# Turning ????



## dicklaxt (Jun 2, 2005)

Is the Turning Community on break for the summer?  smile

dick


----------



## bill (May 21, 2004)

Weather got too nice to not be fishing 

I've been busy casting (resin not fishing), so next week will be turning


----------



## lady linda (Nov 25, 2008)

*Turning*

I turn and finish a project every day !


----------



## dicklaxt (Jun 2, 2005)

Keep posting up the pics,I sure enjoy looking, Those knuckle knocker's are fun and educational at the same time.

dick


----------



## lady linda (Nov 25, 2008)

Some of last weeks turnings.:headknock


----------



## dicklaxt (Jun 2, 2005)

I like the way you sewed up the split,nice affect.I used to do the same but used rawhide. BTW are you using a Hollowing rig to keep the wings flat to keep from jamming and also to keep the knuckles out of the way?

dick


----------



## lady linda (Nov 25, 2008)

I used a bowl gouge to turn the wings... It's like turning on a propeller, it even sounds like it too. You have to turn the speed up really fast and have a steady hand. You learn to keep hands and knuckles out of the way really fast... Ask me how i Know...!


----------



## ronbeaux (Mar 25, 2006)

My knuckles healed after a few months..... Won't happen again.


----------



## JS Fog (Sep 4, 2012)

Very nice Linda.

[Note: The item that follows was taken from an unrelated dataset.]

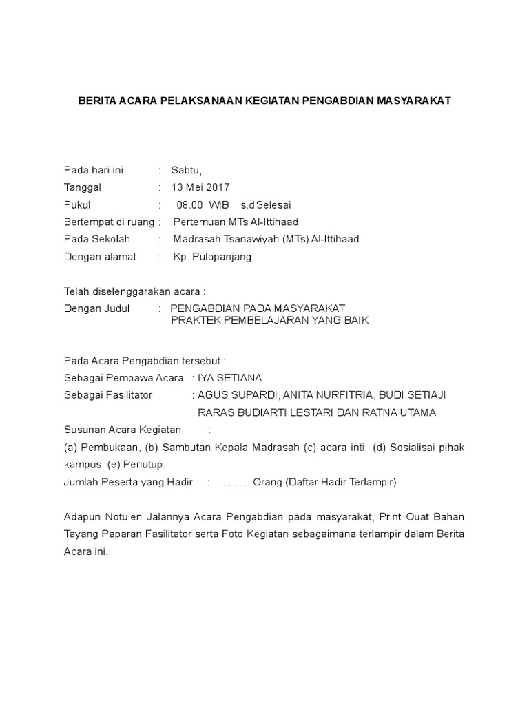Contoh surat berita acara kegiatan. Penyertaan surat ini dalam sebuah kegiatan dimaksudkan untuk mengetahui runtutan kejadian yang berlangsung. Adapun contoh dari berita acara kegiatan sendiri adalah sebagai berikut. Beberapa instansi atau perusahaan menggunakan surat berita acara sebagai dokumen. Dalam penyelenggaraan acara berita acara kegiatan menjadi salah satu dokumen yang sangat penting keberadaanya. Adapun pengertian berita acara adalah suatu naskah dinas atau surat yang mana pada isinya tersebut mengandung pernyataan persetujuan dan peresmian mengenai kegiatan tertentu rapat kejadian peristiwa kerusakan serta serah terima barang. Contoh berita acara kegiatan.

I hope to get back into the shop as soon as I finish putting in this orchard.


----------



## dicklaxt (Jun 2, 2005)

lady linda said:


> I used a bowl gouge to turn the wings... It's like turning on a propeller, it even sounds like it too. You have to turn the speed up really fast and have a steady hand. You learn to keep hands and knuckles out of the way really fast... Ask me how i Know...!


IMO thats doing it the hard way,,,I always looked for the easy safe route but I commend you for your indulgence.Did you ever give turning the round wavy box(that I sent you the dwg's on) any more thought? I think that must have been 2 - 3 years ago. smile,,,,,,,,,,,,,,

dick


----------



## speckle-catcher (May 20, 2004)

if that's the hard way...what's the easy way?


----------



## dicklaxt (Jun 2, 2005)

I would use a hollowing setup similiar to a Jamieson, I don't have a link but that type hollowing system can just about be kept at bay with your little finger, well that's a bit over exagerated but it is easier IMO than trying to hold a gouge that is making a cut and release procedure and not have it catch. It certainly can be done as Linda has proven but it takes a lot more effort.

dick


----------



## speckle-catcher (May 20, 2004)

I disagree.

most hollowing setups take a very small cut...and it's usually scraping rather than cutting.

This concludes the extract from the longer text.